Figure 3. Cellular data of the PIM1 inhibitor A47

(A) Ba/F3 wild-type (WT) cells and stably expressing hPIM1 and/or hPIM2 cells were exposed to increasing amounts of A47 and cell viability was determined 24 h and 48 h later (expressed as a percentage normalized to viability of cells treated with 0.1% DMSO only (n=3). Data is shown for cell viability after 24h. (B) MV4;11 cells were incubated with increasing concentrations of A47 for indicated times, harvested, and protein extracts separated by SDS-PAGE. The effect of the compound on PIM endogenous target was followed by Western blotting with indicated phosphospecific antibodies. Membranes were stripped and re-probed with non-phosphospecific and anti-actin antibodies to check for equal loading. (C) View of co-crystal structure between PIM1 kinase and furan thiazolidinedione A54. The inhibitor binds in a typical type I fashion and its trifluoromethylaniline portion is directed towards the solvent exposed region.

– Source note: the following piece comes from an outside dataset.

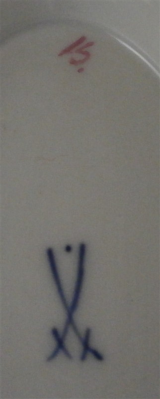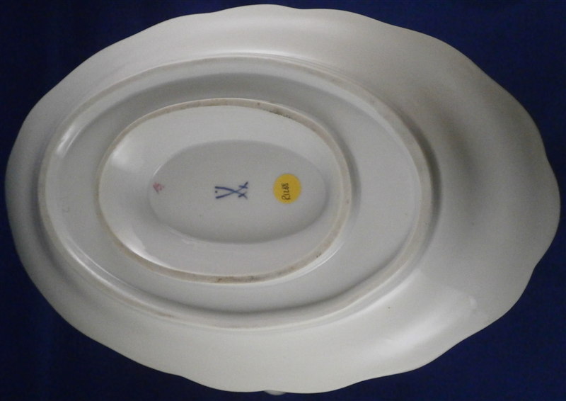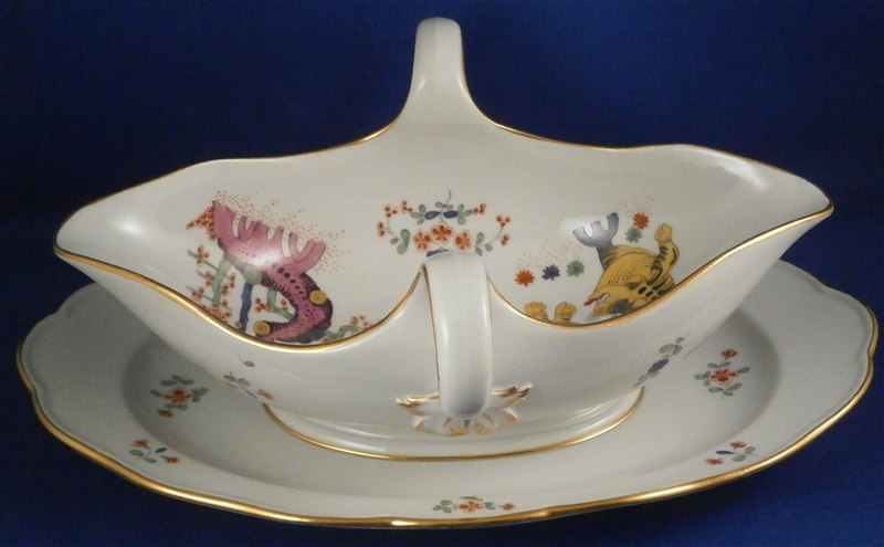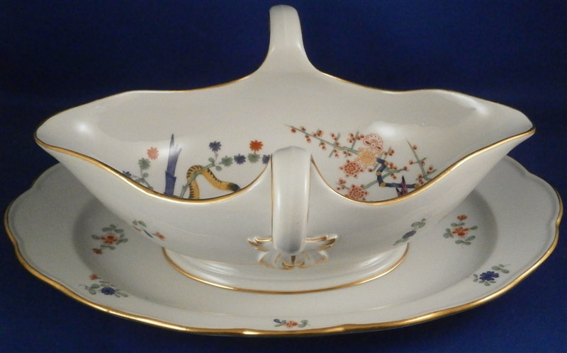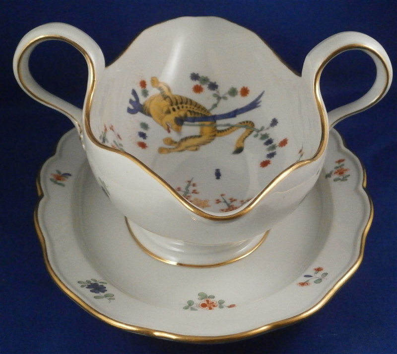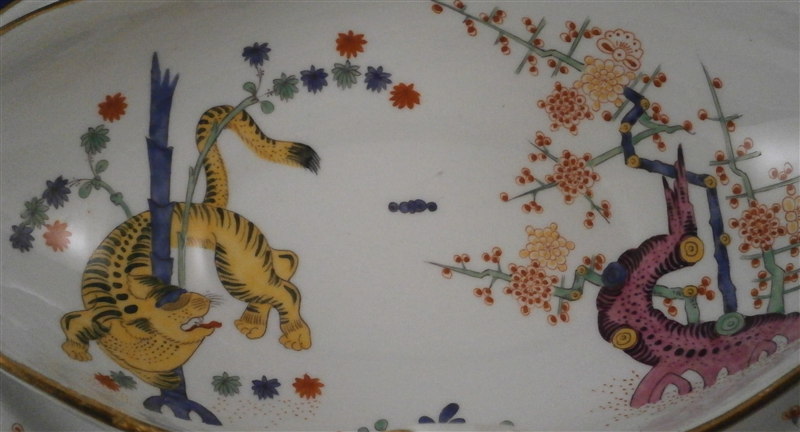 This is a fun porcelain sauciere or sauce dish made by Meissen during the Pfeiffer period of the early 20th century. It is hand painted with the very colorful yellow Tiger design on the inside as well as lots of small Kakiemon style flowers along the outside. Nice shape to the piece with two handles and a bit of gold trim. This dish is in perfect condition. It is 3.625 inches tall, 10 inches long and 6.25 inches wide. It is marked underneath with the underglaze blue crossed swords with the dot between the top as well as the usual impressed numbers of the period and a puce painter's mark 15. Please email me for more information or other pictures.

Figure 4. Kinases targeted by the pyrimido diazepines and pyrimido benzodiazepines

(A) Percent of kinases targeted by the pyrimido diazepines and pyrimido benzodiazepines with an Ambit score of <1% of DMSO control are highlighted in red circles. The size of the circle represents the percentage a particular kinase is targeted. ERK5 is the most highly targeted kinase with 23% followed by PLK3 and DCAMKL1 at 15%. Only targeted kinases of 8% and higher are indicated. (B) The primary ambit data was clustered using MultiExperiment Viewer. Only kinases with at least 3 compound hits and with a score of <5% of DMSO control were considered for this clustering analysis. Kinome Illustration reproduced courtesy of Cell Signaling Technology, Inc. (www.cellsignal.com).

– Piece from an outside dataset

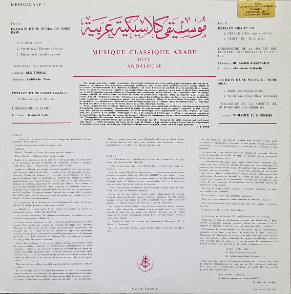 Various – موسيقى كلاسيكية عربية - المهرجان الجزائري الثاني للموسيقى الأندلسية = Musique Classique Arabe - 1er Festival Algérien De La Musique Andalouse 1967 : Disque 1
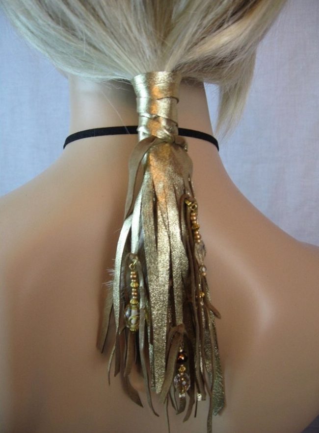 В этом случае вы собираете волосы в плотный хвост и фиксируете прическу резинкой. Далее заплетаете косу с использованием оригинальной ленты, возможно с цветами. Окончание косы фиксируете резинкой для волос и готово!

Figure 5. Cellular data of the ERK5 inhibitor B46 and ACK1 inhibitor B19

(A) HeLa cells were serum starved overnight followed by treatment with different concentrations of B46 for 1 hr. Cells were then stimulated with EGF for 17 min and BMK1 activation was detected by mobility retardation. (B) ACK1 or TNK1 cDNA in pcDNA3 vector was transfected into HEK293 cells for 36 hrs. DMSO (control), B19 or B20 (N-Me amide version) at indicated concentration was added into the culture medium for 12 hrs. The cells were lysed and the cell lysates were subjected to SDS-PAGE. Tyrosine phosphorylated ACK was detected with immunoblotting with anti-phosphotyrosine antibody (4G10). (C) A549 cells were seeded in a 6-well culture plate at a density of 2000/well. EGF (50 ng/ml), AG1478 (1 μM), B19 (10 μM), or DMSO (control) was added into culture medium and refreshed every three days. The cells were cultured for 7 days and the number of cells was counted with Bright-Line Hemacytomer (Hausser Scientific) under microscope.

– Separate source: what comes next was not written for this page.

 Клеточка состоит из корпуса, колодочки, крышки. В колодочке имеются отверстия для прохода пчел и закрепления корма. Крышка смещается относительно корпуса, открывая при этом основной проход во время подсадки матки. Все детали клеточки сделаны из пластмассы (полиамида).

Figure 6. Cellular data of the dual MPS1/Polo-like kinases inhibitor B13 and pan-Aurora kinase inhibitor B54

(A) Schematic of the treatment regimen used to assess the effect of B13 treatment on spindle checkpoint-induced mitotic arrest in U2OS cells. (B) Immunoblot of cyclin B from U2OS cells treated with B13. U2OS cells were arrested in mitosis by combination treatment of thymidine and nocodazole prior to treatment with nocodazole or co-administration with B13 ± MG132 for 2 hrs. (C) Immunoblot of mitotic markers from U2OS cells treated with B54. U2OS cells were arrested in mitosis by combination treatment of thymidine and taxol prior to treatment with taxol or co-administration with B54 (or VX-680) ± MG132 for 2 hrs.